Towards a Museum on Stage
The design of an exhibition today depends mostly on the quality of its visual communication, which leads to new ways of viewing its cultural contents. In this respect exhibitions employ techniques that are closer to theatre lighting strategies, almost putting cultural heritage on a conceptual stage, enhancing the evocative potential of objects and artworks using accent lighting and luminance control. A new digital lighting system, guided by curators and historians, has a pervasive effect that allows the viewer to explore new interpretative paths and to reach new levels of perception, which were not even conceivable in the past. Light, in this respect, becomes a narrative tool improving the quality of visual perception. Thus, it is possible to conceive a general view of a sixteenth-century painting, such as Tintoretto’s Crucifixion,7 and subsequently to emphasize details, enhancing the perception of colours and choosing the most appropriate colour temperature.8 New lighting techniques may represent a new approach to the perception of art, but it is equally true that a guided interpretation is always a partial truth, just as the prisoners in the Platonic myth see only a version of reality. Therefore, the idea of the ‘museum on stage’ represents, nowadays, a big opportunity to enhance the fruition of cultural heritage, allowing new innovative paths for a deeper emotional experience. The dynamic lighting design solution at the Scuola Grande di San Rocco, developed for the extraordinary Crucifixion, represents a first attempt in this direction.
1 This engraving was shown during the exhibition ‘Les Aventures de la verité’ at the Maeght Foundation, November 2013, Saint Paul de Vence, France.
2 Plato, The Republic (Cambridge: Harvard University Press, 1935), pp. 119–234.

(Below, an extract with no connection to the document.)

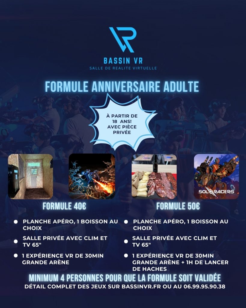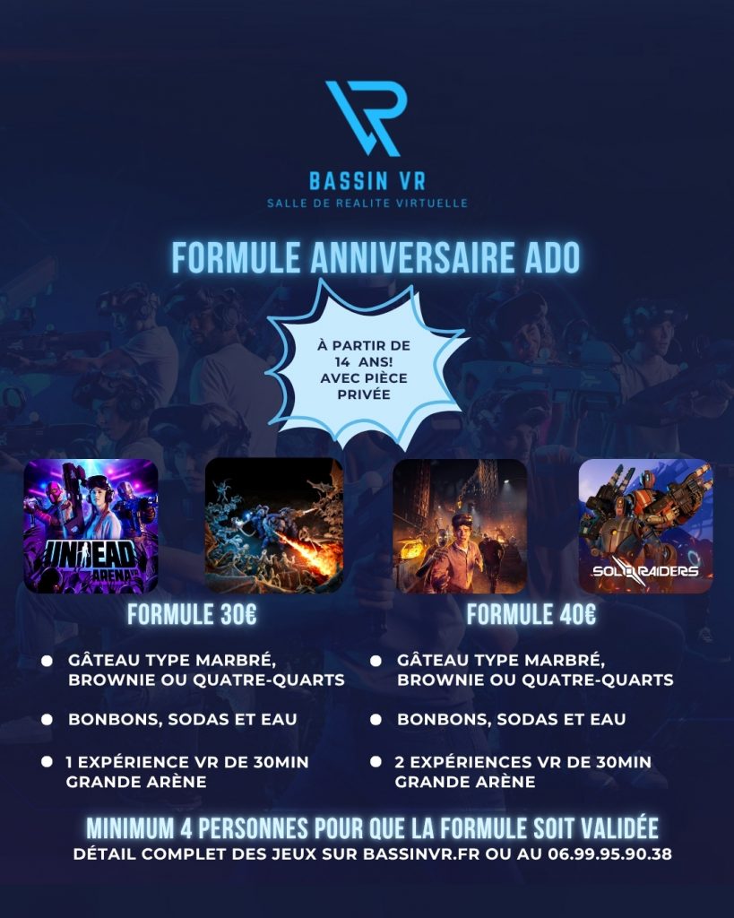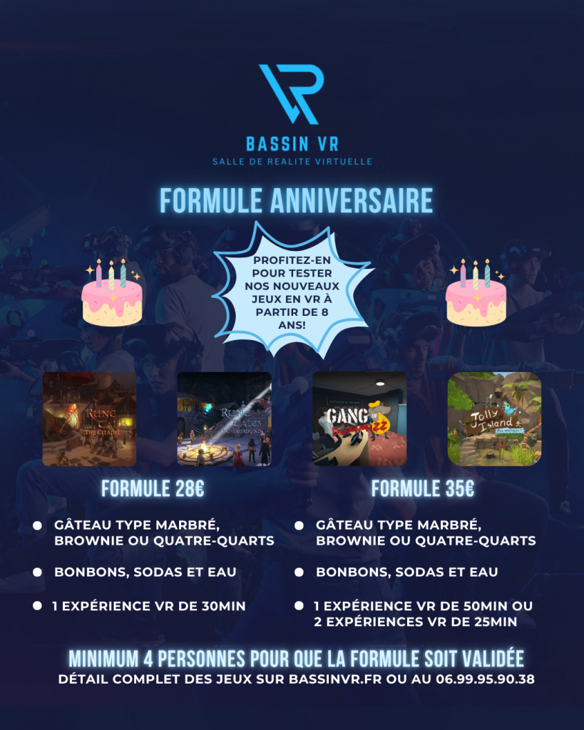 Offrez à votre enfant un anniversaire exceptionnel sur le Bassin. Contactez Bassin VR dès maintenant pour organiser une fête originale, ludique et réussie.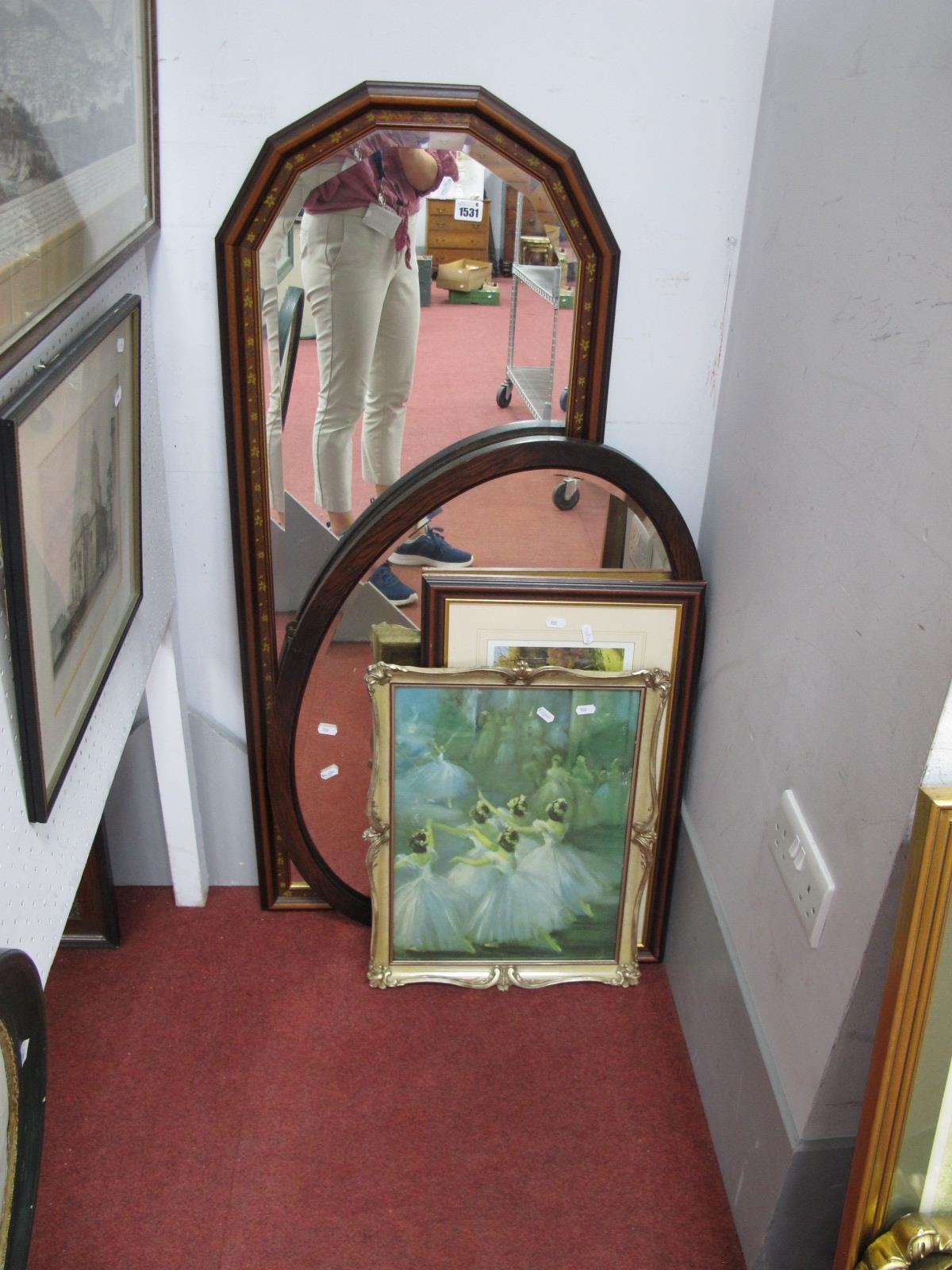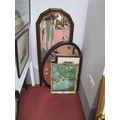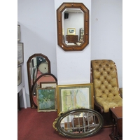 Oval and Angular Topped Wall Mirrors, John Rudkin 'Chatsworth' print, 17 x 40cm; one other. (4)

3 Today, diagnostic techniques are made possible using ‘brain imaging’ which splits into structural imaging (cranial diseases) and functional imaging (metabolic diseases), using computerized tomography and nuclear magnetic resonance in order to enhance brain activity according to external stimuli.
4 Both sceneries and perspective on the stage represent a first virtual step toward spatial reproduction. Stagecraft represents a major technical evolution in which the spectator gets involved emotionally.
5 Luca Ruzza, Nicola Sabbatini. Pratica di fabricar scene e macchinari ne’ teatri (Roma: Ed. Nuova Cultura, 2011).
6 Semir Zeki, Inner Vision: An Exploration of Art and the Brain (Oxford: Oxford University Press, 1999).
7 The Crucifixion was painted by Jacopo Robusti, Tintoretto, in 1565 and represents the largest painting in the Scuola Grande di San Rocco (1224 x 536 cm), https://www.wikiart.org/en/tintoretto/crucifixion-1565
8 These interpretative choices should be made keeping in mind that the original lighting conditions are not replicable, because of the pigment fading due to the historical exposure.